At that moment, the drunk’s CT results came back. No skull fracture was seen, and there were no abnormal high-density shadows in the brain parenchyma. It was purely a superficial injury.
“Debridement and suturing.”
Kiryu Kazusuke picked up the needle holder.
The drunk was still groaning and whining, but the male nurse held him down firmly, leaving him unable to move.
The wound on his forehead was about three centimeters long. The edges were irregular, and there was still some grit embedded inside.
Rinse with saline, disinfect with hydrogen peroxide, drape, administer local anesthesia.
After the lidocaine was injected, the drunk finally quieted down somewhat.
In the past, Kiryu Kazusuke had been extremely sick of jobs like suturing the faces of patients reeking of alcohol.
Just the smell alone made him want to vomit.
On top of that, he had to endure the patient’s agitation, and crooked stitches were common.
But today was different.
Holding the needle holder in his hand, a familiar sensation of having everything under control welled up within him.
Although it was only simple debridement and suturing, with no need for any complex intradermal suture technique—the most basic interrupted sutures were more than enough—
even so…
The feel was too good.
Needle in, needle out, knot, cut.
His movements were so fast that even Head Nurse Takahashi beside him froze for a moment.
Usually, the skin of a drunk like this was loose, and with the interference of bleeding, suturing was very troublesome.
But Kiryu Kazusuke’s hands seemed to have a consciousness of their own, avoiding blood vessels and accurately aligning the wound edges.
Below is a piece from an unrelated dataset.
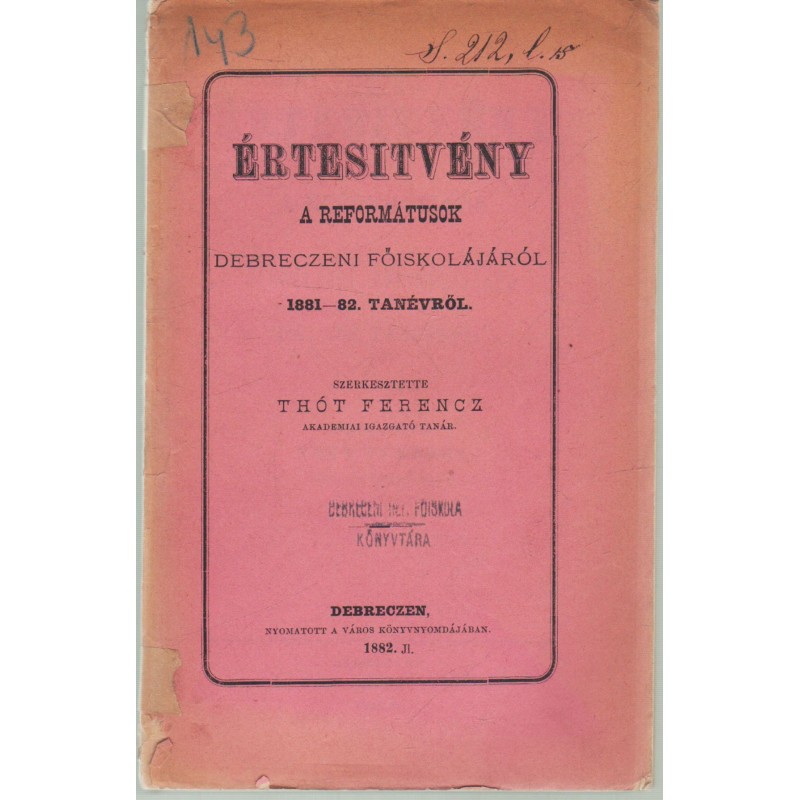 Értesítvény a reformátusok debreczeni főiskolájáról 1881-82

In less than three minutes,
five stitches were done.
The wound was neat as a red centipede, the spacing of each stitch accurate to the tiniest degree.
“Done.”
Kiryu Kazusuke tossed the needle holder into the kidney dish and took off his gloves.
“That’s it?”
Head Nurse Takahashi glanced at the wound, somewhat surprised.
In the past, this kid Kiryu would take at least ten minutes to sew up a scalp, and he would have to complain a few times about the patient moving around.
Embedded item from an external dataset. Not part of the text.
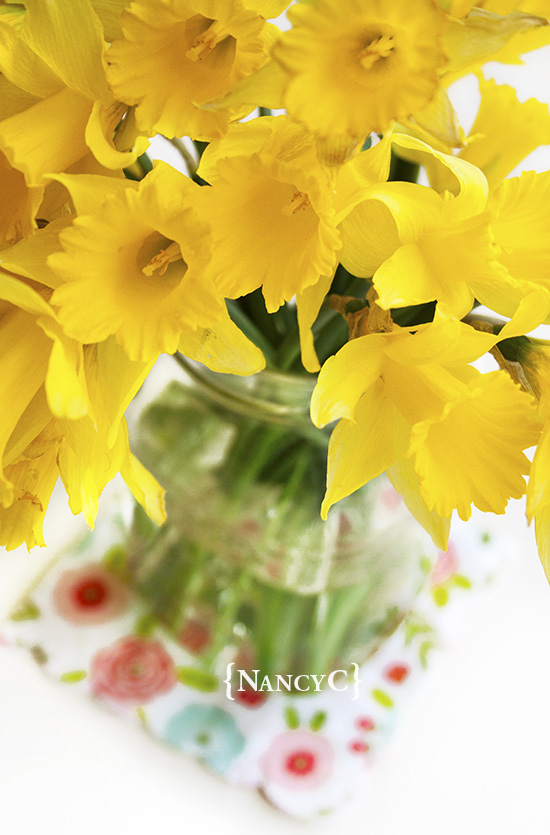 This Easter Day has been very cold, cloudy, and rainy–it feels more like winter here than spring! I hope you’re having a warmer, sunnier day. At least for those of us who have rain or snow, we can enjoy having pretty spring flowers inside, right? These daffodils were growing wild in a field, so I picked some the other day–they sure brighten things up!

Why was he so efficient today?
And the quality of these sutures…
Why did it feel even better than those specialty residents who acted so arrogant all day?
“Mm. Nothing difficult.”
Kiryu Kazusuke replied blandly, then turned to wash his hands.
This kind of low-level round wasn’t worth showing off over.
It was merely practiced hands.
But that smooth, flowing sensation truly did feel pleasant, both physically and mentally.
His skill, “Advanced Surgical Incision Suturing,” actually did not include non-surgical incisions like this.
So this was thanks to the “Physical fitness improved—slightly” that Saionji Mina had given him, which included the stability and coordination of his hands.
But…
If every suturing job could save seven minutes, then over the course of one night, he could sleep an extra hour or so.
How was this slight? This was practically life-saving.